- **WHAT TO PRODUCE**: Return the records below in full. Keep every word exact and skip the images.

Dataset entries
--- --- ---
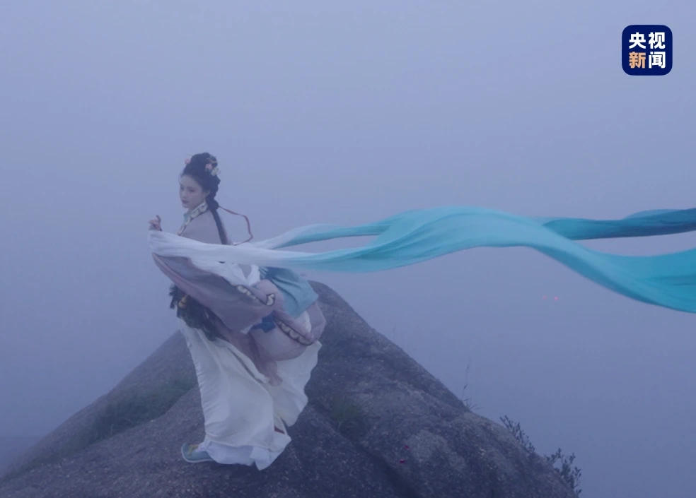 她拍视频很拼,为了拍“飞天仙女”腾云驾雾的场景,和团队背着器材爬上又高又陡的山。
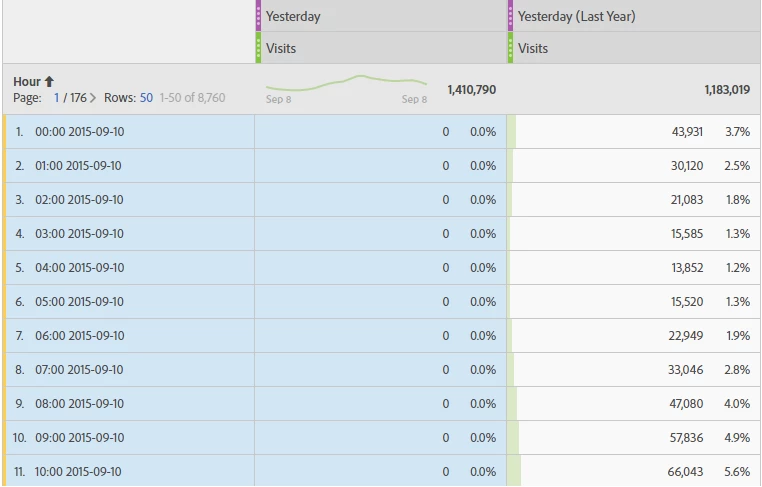 How can I create hourly comparison charts and graphs in workspace? If I pull two different time periods (for example today and yesterday) and want to view the change in visits by hour, how can I pull this? When i pull the hours dimension it contains the date and time, and does not allow me to compare 12pm today vs 12pm yesterday unless i grab the raw numbers themselves. I cant create a segment around numbers, and since the hours dimension is shown that way, I also cannot graph the data in workspace.
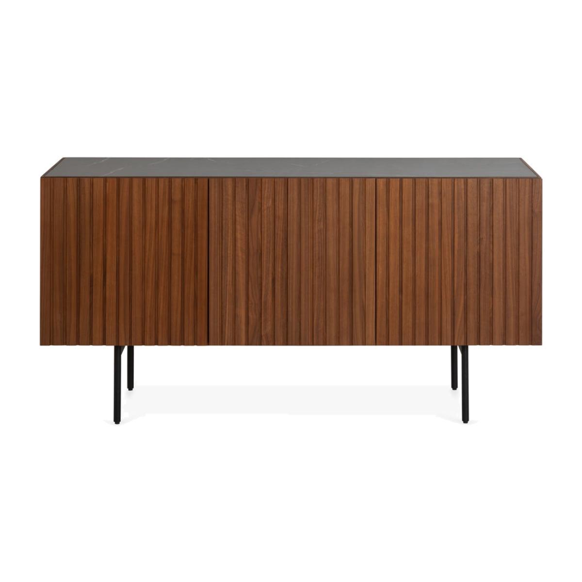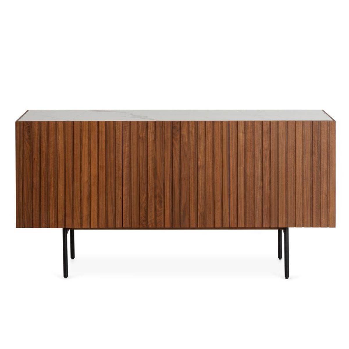 Comprising a sideboard, dining table, side table, dining chair, AV unit and coffee table, the Riga collection demonstrates a mastery of premium materials, combining solid and veneered walnut with elegant ceramic. The entire range is characterised by its signature slats, from the front of the sideboard to the legs on the tables, complete with grey or white ceramic tops.
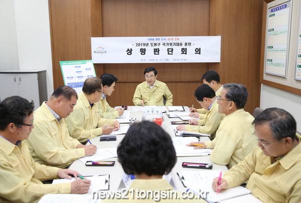 5월 27일 구청사 지하1층 통합방위상황실에서는 이동진 도봉구청장을 비롯한 부구청장, 행정관리국장, 기획재정국장, 복지환경국장, 도시관리국장, 안전건설관리교통국장 등이 참석한 가운데 신속하고 효율적으로 재난에 대응하기 위한 상황판단회의를 개최했다.
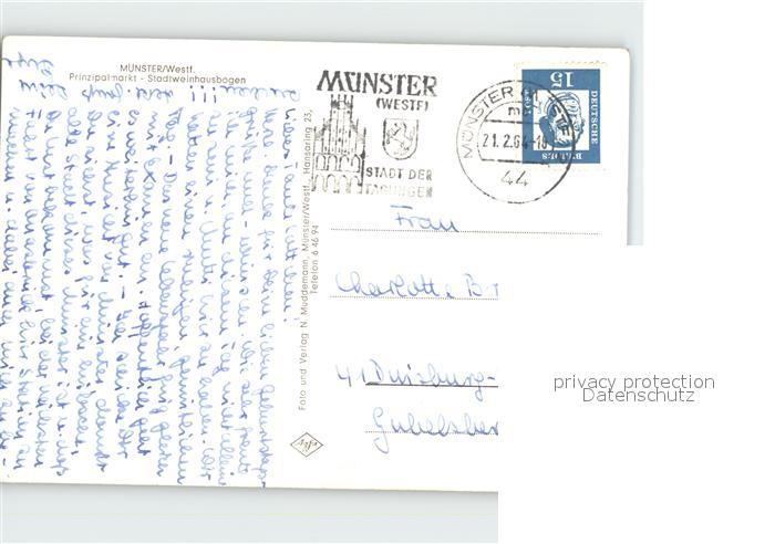 72181402 alte Postkarte Muenster Westfalen Prinzipalmarkt Stadtweinhausbogen postalisch gelaufen Erhaltung siehe scans KatCode: 11110005515000
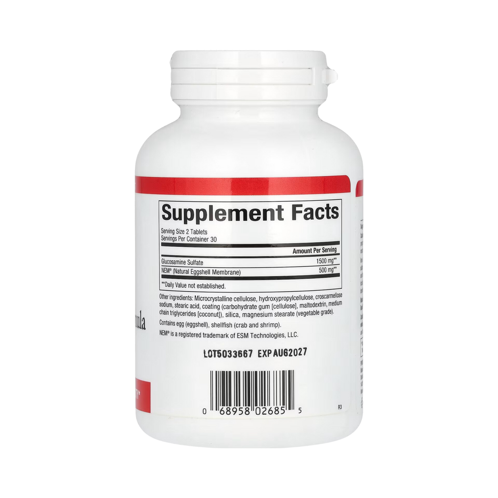 Knee & Joint Formula Contains NEM (Natural Eggshell Membrane) and glucosamine sulfate. NEM, made by a patented process, is clinically proven to promote joint comfort and flexibility in just 7 to 10 days. Composed of naturally occurring glycosaminoglycans including chondroitin and hyaluronic acid, NEM also contains collagen and other beneficial proteins.
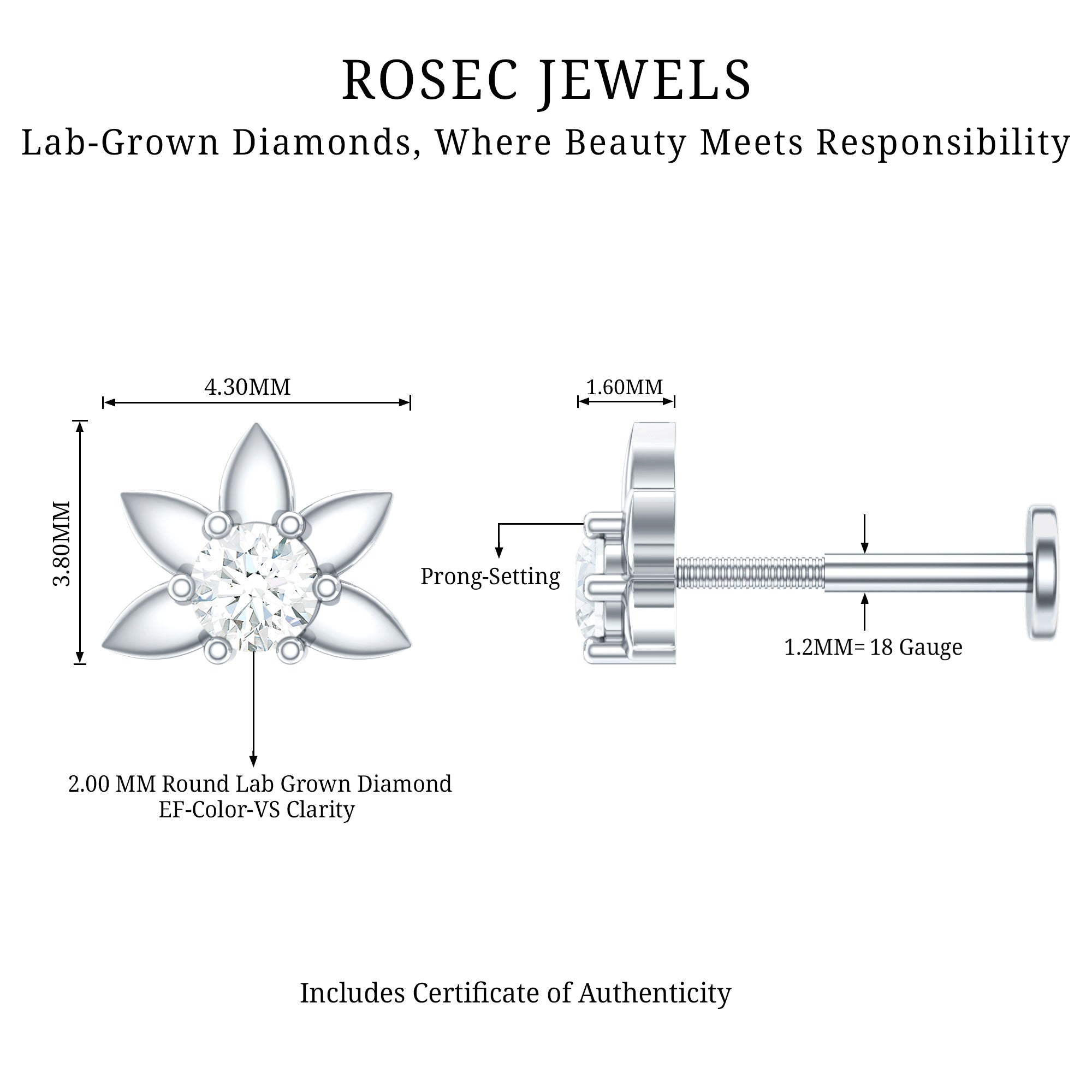 Diamond Floral Earring for Tragus Piercing ‐ Lab - ( EF-VS ) / 18K White Gold / Flat Back 5.0 MM
--- --- ---
- **RESPONSE AREA**:
 她拍视频很拼,为了拍“飞天仙女”腾云驾雾的场景,和团队背着器材爬上又高又陡的山。
 How can I create hourly comparison charts and graphs in workspace? If I pull two different time periods (for example today and yesterday) and want to view the change in visits by hour, how can I pull this? When i pull the hours dimension it contains the date and time, and does not allow me to compare 12pm today vs 12pm yesterday unless i grab the raw numbers themselves. I cant create a segment around numbers, and since the hours dimension is shown that way, I also cannot graph the data in workspace.
 Comprising a sideboard, dining table, side table, dining chair, AV unit and coffee table, the Riga collection demonstrates a mastery of premium materials, combining solid and veneered walnut with elegant ceramic. The entire range is characterised by its signature slats, from the front of the sideboard to the legs on the tables, complete with grey or white ceramic tops.
 5월 27일 구청사 지하1층 통합방위상황실에서는 이동진 도봉구청장을 비롯한 부구청장, 행정관리국장, 기획재정국장, 복지환경국장, 도시관리국장, 안전건설관리교통국장 등이 참석한 가운데 신속하고 효율적으로 재난에 대응하기 위한 상황판단회의를 개최했다.
 72181402 alte Postkarte Muenster Westfalen Prinzipalmarkt Stadtweinhausbogen postalisch gelaufen Erhaltung siehe scans KatCode: 11110005515000
 Knee & Joint Formula Contains NEM (Natural Eggshell Membrane) and glucosamine sulfate. NEM, made by a patented process, is clinically proven to promote joint comfort and flexibility in just 7 to 10 days. Composed of naturally occurring glycosaminoglycans including chondroitin and hyaluronic acid, NEM also contains collagen and other beneficial proteins.
 Diamond Floral Earring for Tragus Piercing ‐ Lab - ( EF-VS ) / 18K White Gold / Flat Back 5.0 MM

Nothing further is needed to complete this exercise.